→ Problem:
Transcribe the listing exactly as written. Leave the images out.

= = = = = = =

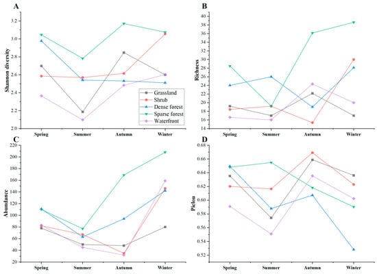 Comparison of bird diversity (A), richness (B), abundance (C), and Pielou index (D) with seasonal variation in five habitats in urban mountain parks in Fuzhou, China.
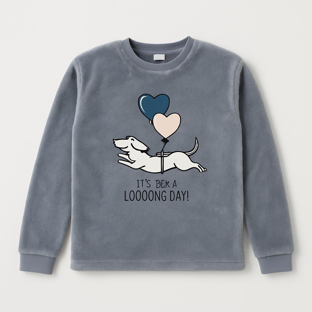 Questo morbido e coccoloso pullover in pile blu è l'ideale per le fredde giornate invernali! Caratterizzato da un adorabile design con un cagnolino che corre con palloncini, porta un sorriso anche nei momenti più grigi. La scritta "It's been a loooong day!" aggiunge un tocco di simpatia e leggerezza. Le maniche lunghe e il taglio comodo garantiscono il massimo della comodità durante le avventure quotidiane. Nonostante sia un capo usato, si presenta in ottime condizioni, pronto per essere indossato da un piccolo amante degli animali! Un must-have per le serate di relax e giochi domestici!
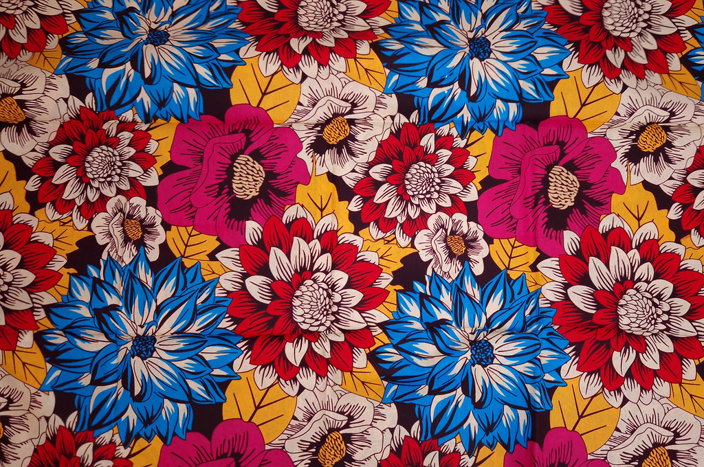 African print fabric - Red & Blue Flowers - 100% cotton
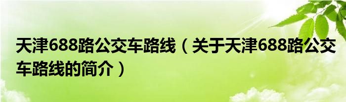 本文關于天津688路公交車路線的簡介就講解完畢,希望對大家有所幫助。
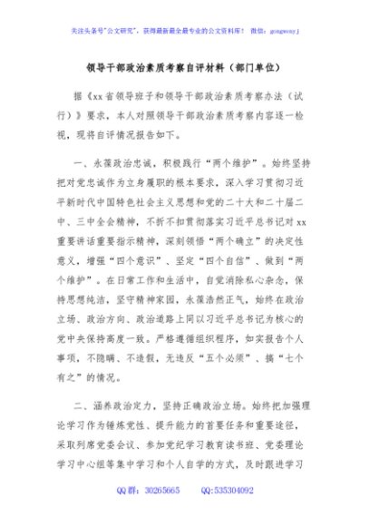 / 领导干部政治素质考察自评材料(部门单位)
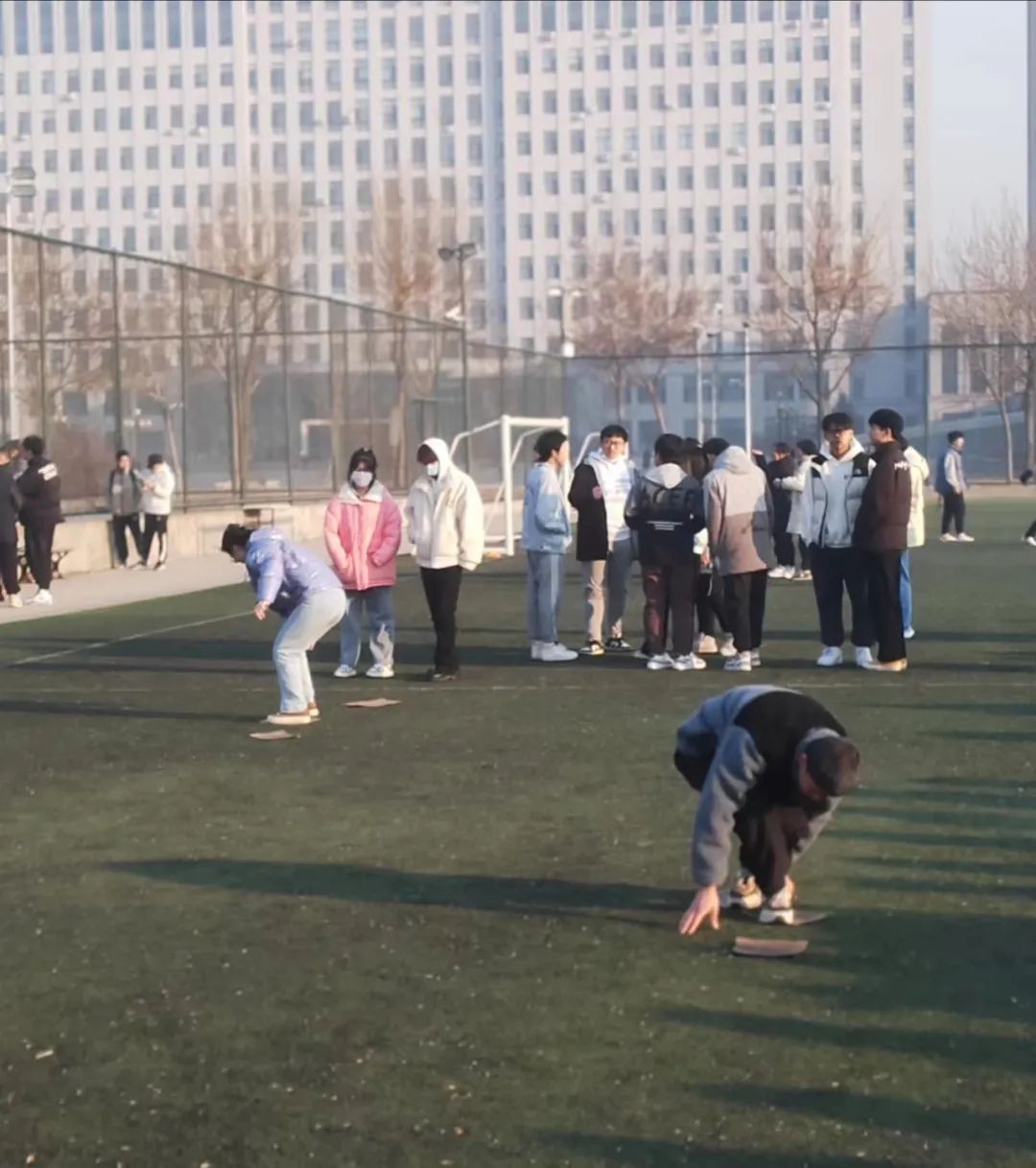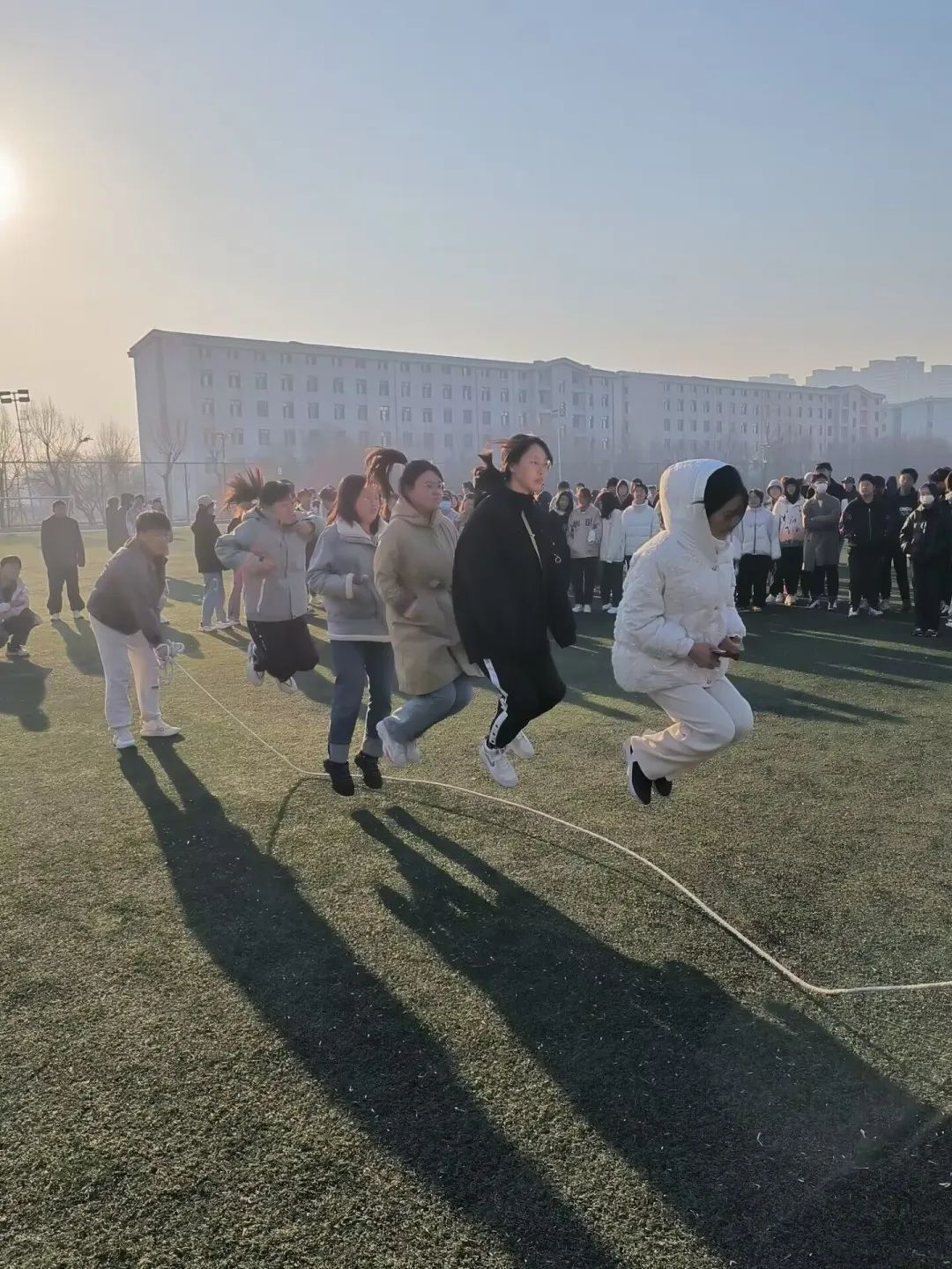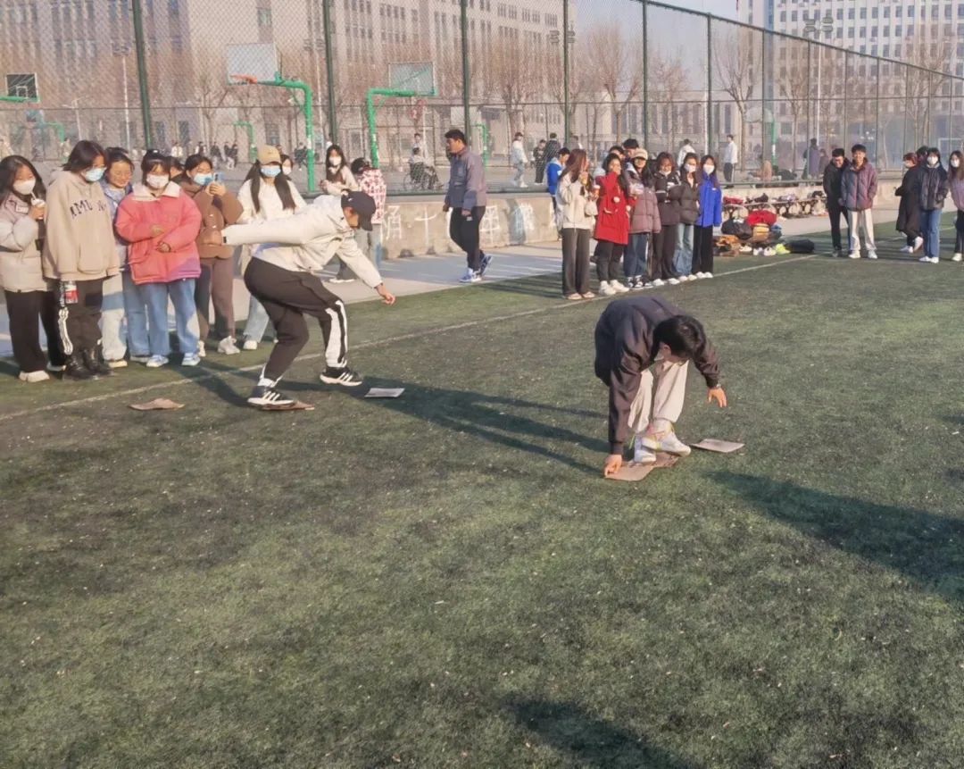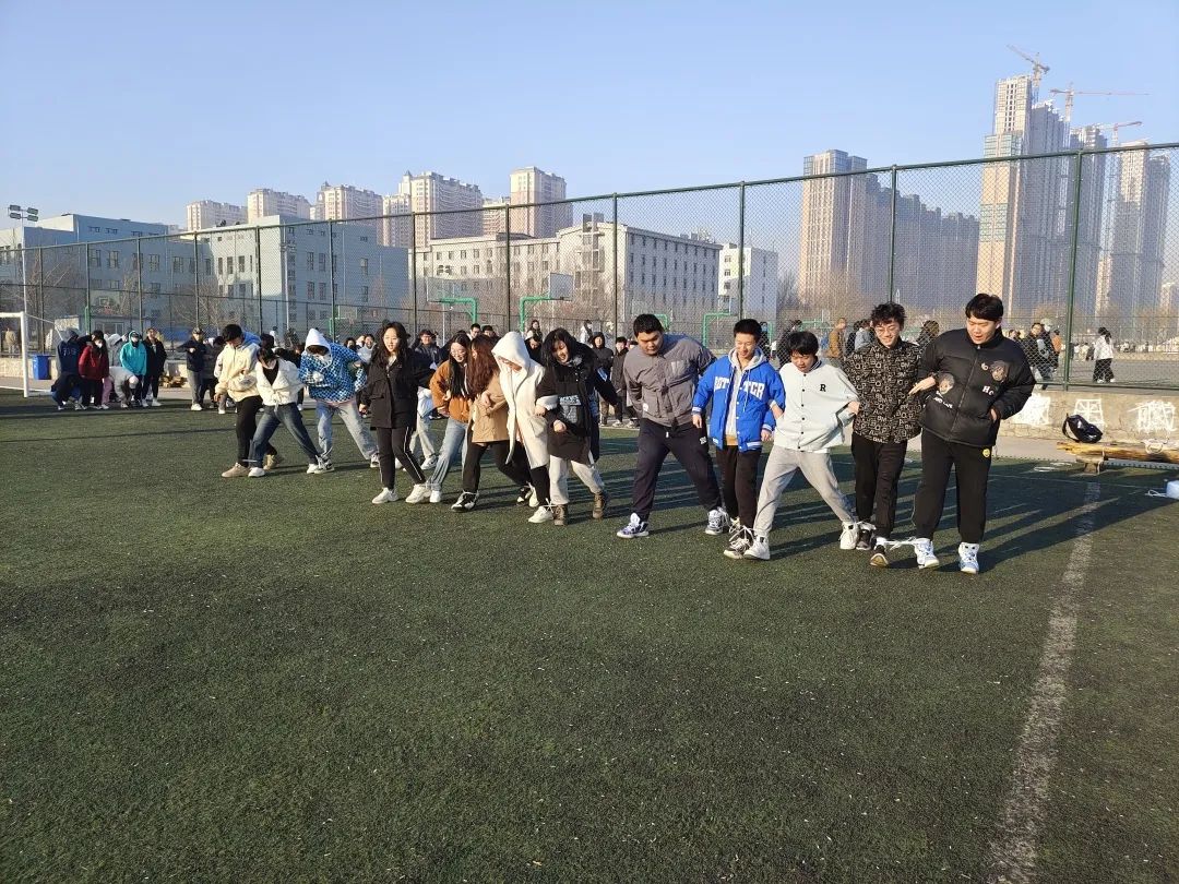 在活动的第一天进行了五人六足和趣味跳大绳,每个参赛班级都热情满满,奔着终点出发,场面十分激烈。
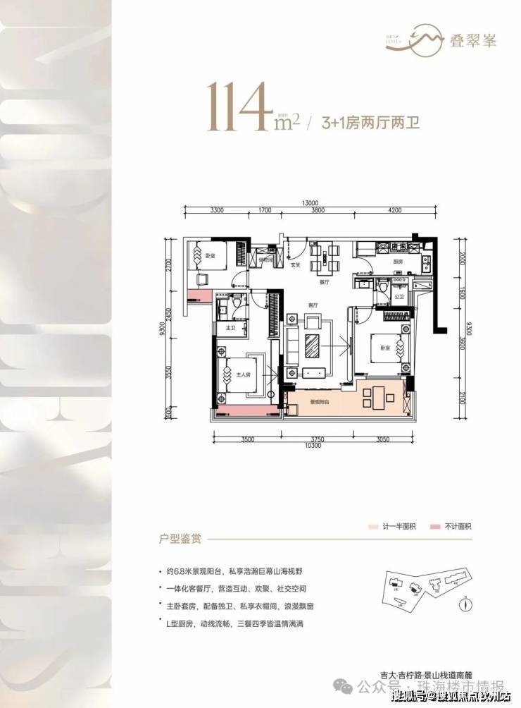 叠翠峯:吉大城央只此在售纯住宅半山新品;建面约86-166㎡半山精装华宅 全城仰望;稀缺资源:半山之上一线无遮近山瞰城;独创户型:南北通透全明户型国际精装
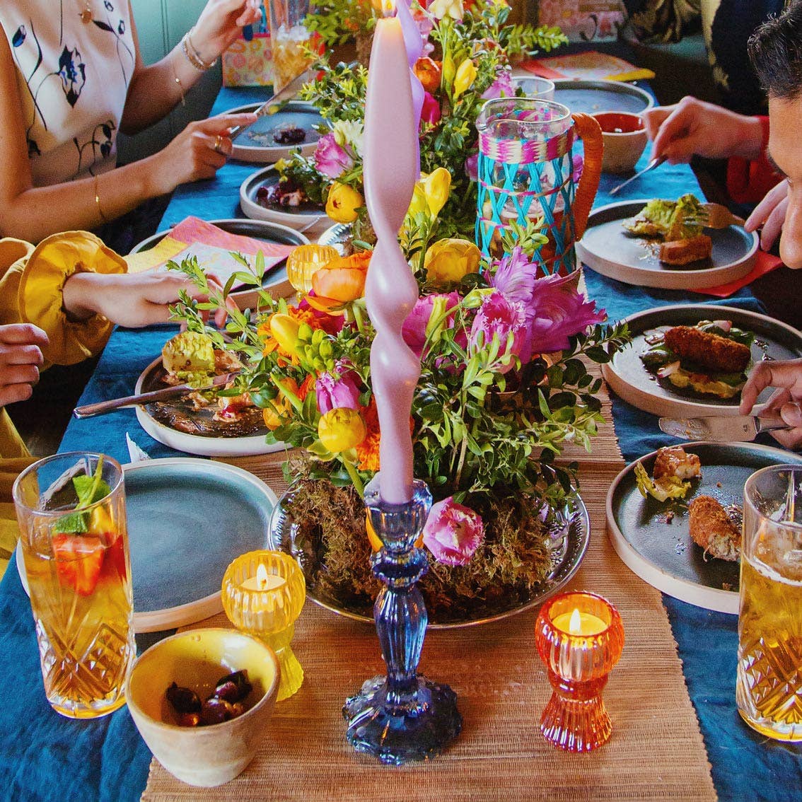 Navy Blue Glass Candlestick Holder by Talking Tables. In a gorgeous shade of deep blue, this candlestick holder adds a touch of sophistication to any room and makes a stylish addition to your range of home décor and table decorations. A lovely line for you winter collection but equally as striking in the summer, inspire your customers to use for a romantic candle lit meal, dinner party with friends or gift. Our glass candle holders are available in multiple different colors and sizes and can be paired with our matching colored dinner candles.
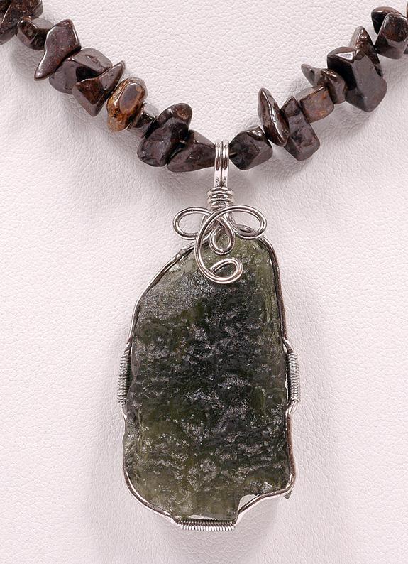 METEORITE JEWELRY STONY METEORITE AND MOLDAVITE. This lot offers a very rare opportunity to purchase jewelry that was handmade out of genuine stony meteorites and custom designed to represent the ultimate in fine jewelry. To be able to cut up meteorites to make jewelry is a rare luxury due to the rarity and high value of nearly all meteorites. Fortunately enough meteorites were found in 1999 in Algeria of one large fall (almost 1500 Kg) to allow a small portion to be made available to be used in jewelry. There will not be any more cut into jewelry since as much as 80% of the meteorite is lost in the cutting. The stony meteorite has been assigned the name of North West Africa 869 and has been classified as a L4 or L5 breccia. All stony meteorites contain iron and all designated with a H for high iron content or L for low iron content and breccia means that the meteorite is a mixture of several different types of rocks that were mixed together when the two asteroids that created this meteorite collided billions of years ago.
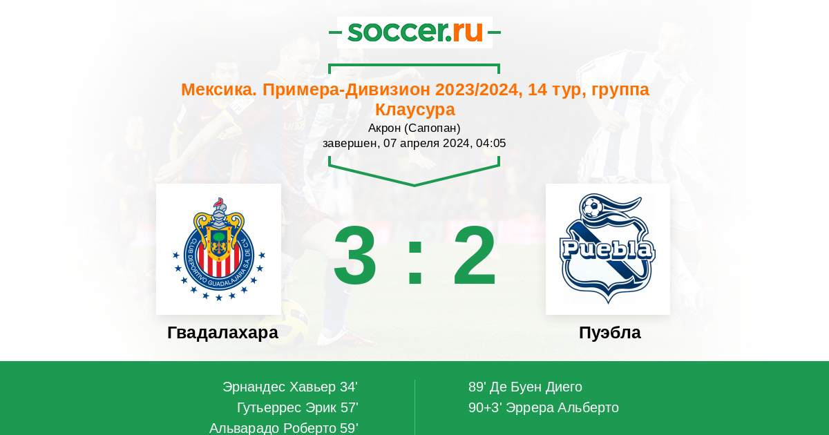 Протокол матча Гвадалахара против Пуэбла

= = = = = = =

→ Response area:
 Comparison of bird diversity (A), richness (B), abundance (C), and Pielou index (D) with seasonal variation in five habitats in urban mountain parks in Fuzhou, China.
 Questo morbido e coccoloso pullover in pile blu è l'ideale per le fredde giornate invernali! Caratterizzato da un adorabile design con un cagnolino che corre con palloncini, porta un sorriso anche nei momenti più grigi. La scritta "It's been a loooong day!" aggiunge un tocco di simpatia e leggerezza. Le maniche lunghe e il taglio comodo garantiscono il massimo della comodità durante le avventure quotidiane. Nonostante sia un capo usato, si presenta in ottime condizioni, pronto per essere indossato da un piccolo amante degli animali! Un must-have per le serate di relax e giochi domestici!
 African print fabric - Red & Blue Flowers - 100% cotton
 本文關于天津688路公交車路線的簡介就講解完畢,希望對大家有所幫助。
 / 领导干部政治素质考察自评材料(部门单位)
 在活动的第一天进行了五人六足和趣味跳大绳,每个参赛班级都热情满满,奔着终点出发,场面十分激烈。
 叠翠峯:吉大城央只此在售纯住宅半山新品;建面约86-166㎡半山精装华宅 全城仰望;稀缺资源:半山之上一线无遮近山瞰城;独创户型:南北通透全明户型国际精装
 Navy Blue Glass Candlestick Holder by Talking Tables. In a gorgeous shade of deep blue, this candlestick holder adds a touch of sophistication to any room and makes a stylish addition to your range of home décor and table decorations. A lovely line for you winter collection but equally as striking in the summer, inspire your customers to use for a romantic candle lit meal, dinner party with friends or gift. Our glass candle holders are available in multiple different colors and sizes and can be paired with our matching colored dinner candles.
 METEORITE JEWELRY STONY METEORITE AND MOLDAVITE. This lot offers a very rare opportunity to purchase jewelry that was handmade out of genuine stony meteorites and custom designed to represent the ultimate in fine jewelry. To be able to cut up meteorites to make jewelry is a rare luxury due to the rarity and high value of nearly all meteorites. Fortunately enough meteorites were found in 1999 in Algeria of one large fall (almost 1500 Kg) to allow a small portion to be made available to be used in jewelry. There will not be any more cut into jewelry since as much as 80% of the meteorite is lost in the cutting. The stony meteorite has been assigned the name of North West Africa 869 and has been classified as a L4 or L5 breccia. All stony meteorites contain iron and all designated with a H for high iron content or L for low iron content and breccia means that the meteorite is a mixture of several different types of rocks that were mixed together when the two asteroids that created this meteorite collided billions of years ago.
 Протокол матча Гвадалахара против Пуэбла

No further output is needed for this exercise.